2 The Biology of Language Acquisition
Human language is made possible by special adaptations of the human mind and body that occurred in the course of human evolution, and which are put to use by children in acquiring their mother tongue.
2.1 Evolution of Language
Most obviously, the shape of the human vocal tract seems to have been modified in evolution for the demands of speech. Our larynxes are low in our throats, and our vocal tracts have a sharp right angle bend that creates two independently-modifiable resonant cavities (the mouth and the pharynx or throat) that defines a large two-dimensional range of vowel sounds (see the chapter by Liberman). But it comes at a sacrifice of efficiency for breathing, swallowing, and chewing (Lieberman, 1984). Before the invention of the Heimlich maneuver, choking on food was a common cause of accidental death in humans, causing 6,000 deaths a year in the United States. The evolutionary selective advantages for language must have been very large to outweigh such a disadvantage.

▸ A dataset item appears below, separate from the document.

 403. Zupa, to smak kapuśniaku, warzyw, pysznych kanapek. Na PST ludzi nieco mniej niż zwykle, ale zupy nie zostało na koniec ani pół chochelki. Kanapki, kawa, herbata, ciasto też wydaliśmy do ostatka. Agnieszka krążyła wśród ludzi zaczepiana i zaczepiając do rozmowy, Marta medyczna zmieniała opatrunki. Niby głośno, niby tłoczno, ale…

It is tempting to think that if language evolved by gradual Darwinian natural selection, we must be able to find some precursor of it in our closest relatives, the chimpanzees. In several famous and controversial demonstrations, chimpanzees have been taught some hand-signs based on American Sign Language, to manipulate colored switches or tokens, and to understand some spoken commands (Gardner & Gardner, 1969; Premack & Premack, 1983; Savage-Rumbaugh, 1991). Whether one wants to call their abilities "language" is not really a scientific question, but a matter of definition: how far we are willing to stretch the meaning of the word "language".

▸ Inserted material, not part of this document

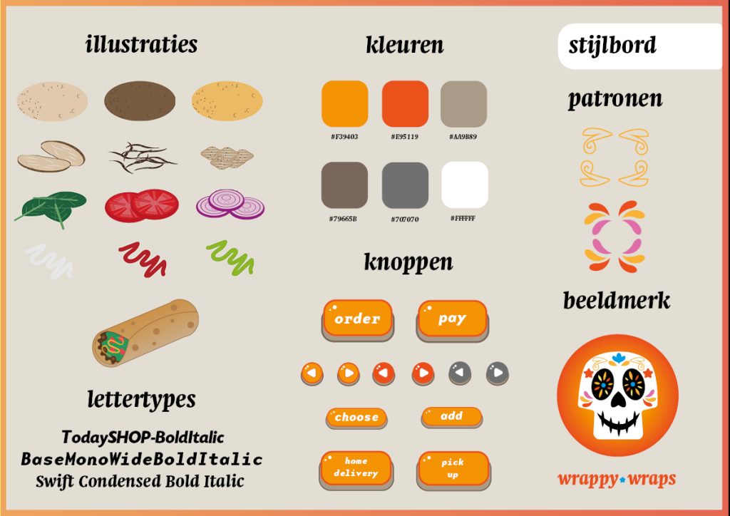 For the Food Court project, I delivered a prototype for an online ordering app. I created an ordering app for the made up Mexican company ”Wrappy Wraps”.

The scientific question is whether the chimps' abilities are homologous to human language -- that is, whether the two systems show the same basic organization owing to descent from a single system in their common ancestor. For example, biologists don't debate whether the wing-like structures of gliding rodents may be called "genuine wings" or something else (a boring question of definitions). It's clear that these structures are not homologous to the wings of bats, because they have a fundamentally different anatomical plan, reflecting a different evolutionary history. Bats' wings are modifications of the hands of the common mammalian ancestor; flying squirrels' wings are modifications of its rib cage. The two structures are merely analogous: similar in function.

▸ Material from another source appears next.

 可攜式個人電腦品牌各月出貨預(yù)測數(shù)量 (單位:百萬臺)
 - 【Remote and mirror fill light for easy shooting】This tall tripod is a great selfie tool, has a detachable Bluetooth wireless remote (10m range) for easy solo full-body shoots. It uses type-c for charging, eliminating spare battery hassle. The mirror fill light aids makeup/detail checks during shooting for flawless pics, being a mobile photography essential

Though artificial chimp signaling systems have some analogies to human language (e.g., use in communication, combinations of more basic signals), it seems unlikely that they are homologous. Chimpanzees require massive regimented teaching sequences contrived by humans to acquire quite rudimentary abilities, mostly limited to a small number of signs, strung together in repetitive, quasi-random sequences, used with the intent of requesting food or tickling (Terrace, Petitto, Sanders, & Bever, 1979; Seidenberg & Petitto, 1979, 1987; Seidenberg, 1986; Wallman, 1992; Pinker, 1994a). This contrasts sharply with human children, who pick up thousands of words spontaneously, combine them in structured sequences where every word has a determinate role, respect the word order of the adult language, and use sentences for a variety of purposes such as commenting on interesting objects.
This lack of homology does not, by the way, cast doubt on a gradualistic Darwinian account of language evolution. Humans did not evolve directly from chimpanzees. Both derived from common ancestor, probably around 6-7 million years ago. This leaves about 300,000 generations in which language could have evolved gradually in the lineage leading to humans, after it split off from the lineage leading to chimpanzees. Presumably language evolved in the human lineage for two reasons: our ancestors developed technology and knowledge of the local environment in their lifetimes, and were involved in extensive reciprocal cooperation. This allowed them to benefit by sharing hard-won knowledge with their kin and exchanging it with their neighbors (Pinker & Bloom, 1990).